As Castle recalled in his autobiography, “Polanski was right. Many people leaving the theater believed they had seen Him. When Rosemary was shown on TV, columnists reported that ‘due to censorship,’ ABC had cut the scenes where the ‘baby’ was shown. Rosemary’s ‘baby’ was never photographed.”
This doesn’t just apply to horror films. Quentin Tarantino certainly learned a lot about making movies from the horror genre, and used what you imagine is worse than what you can see to great effect in Reservoir Dogs. As Christopher McQuarrie, screenwriter of The Usual Suspects, said at a seminar for Fade-In Magazine, “You hear people talk about Reservoir Dogs, this torture scene that was so horrible and so brutal... but they shot a wall. They started cutting his ear off, and then they panned away. And I’ve heard people vividly describe this brutal torture scene that isn’t there.”
Then Tarantino applied to same principal to one of the classic elements of Pulp Fiction. When I interviewed Tarantino’s former writing partner Roger Avary for Creative Screenwriting, I asked if there was definitely something in the suitcase, or if it was intentionally not shown so the audience would be left guessing. Well, he wouldn’t say exactly, but he did say that the suitcase was originally going to have the diamonds from the Reservoir Dogs heist. This idea was quickly abandoned, because “it’s not fantastic enough,” Avary said. “Nothing is fantastic enough. The only way to make something truly fantastic is to not tell people what’s in it, then it’s different for every person in the audience.”

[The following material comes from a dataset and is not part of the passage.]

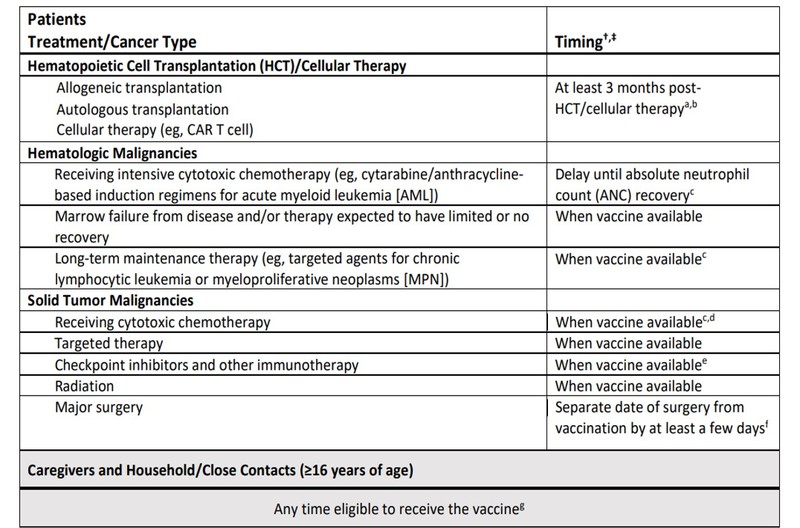 1. Cancer patients should be vaccinated for immunity as soon as vaccines are available for them. This includes patients receiving active therapy.

Brian DePalma once said the key to suspense was withholding information. How much you show, or don’t show, in a horror film is ultimately up to the filmmaker’s taste, or lack thereof. As Anthea Sylbert, the costume designer on Rosemary’s Baby, says, “I believe in all good films, and indeed in all good art, you have to know what to leave out, what to eliminate. It gives importance to what you include.”


Comments (4)
What's up with the Aliens poster? Is that "here" mistake in the actual movie poster?
Posted by AlphaOmega | January 28, 2008 6:53 PM
Posted on January 28, 2008 18:53
No. It's not on the actual poster.
Posted by Joshua | January 29, 2008 11:35 AM
Posted on January 29, 2008 11:35
lol, good eye... my guess would be that they replaced the poster text with their own for readability on such a small size... and then did the typo.
all posters I have seen do not have that misspell...
Posted by sojrner | January 29, 2008 4:00 PM
Posted on January 29, 2008 16:00
Vincent Price had some great movies.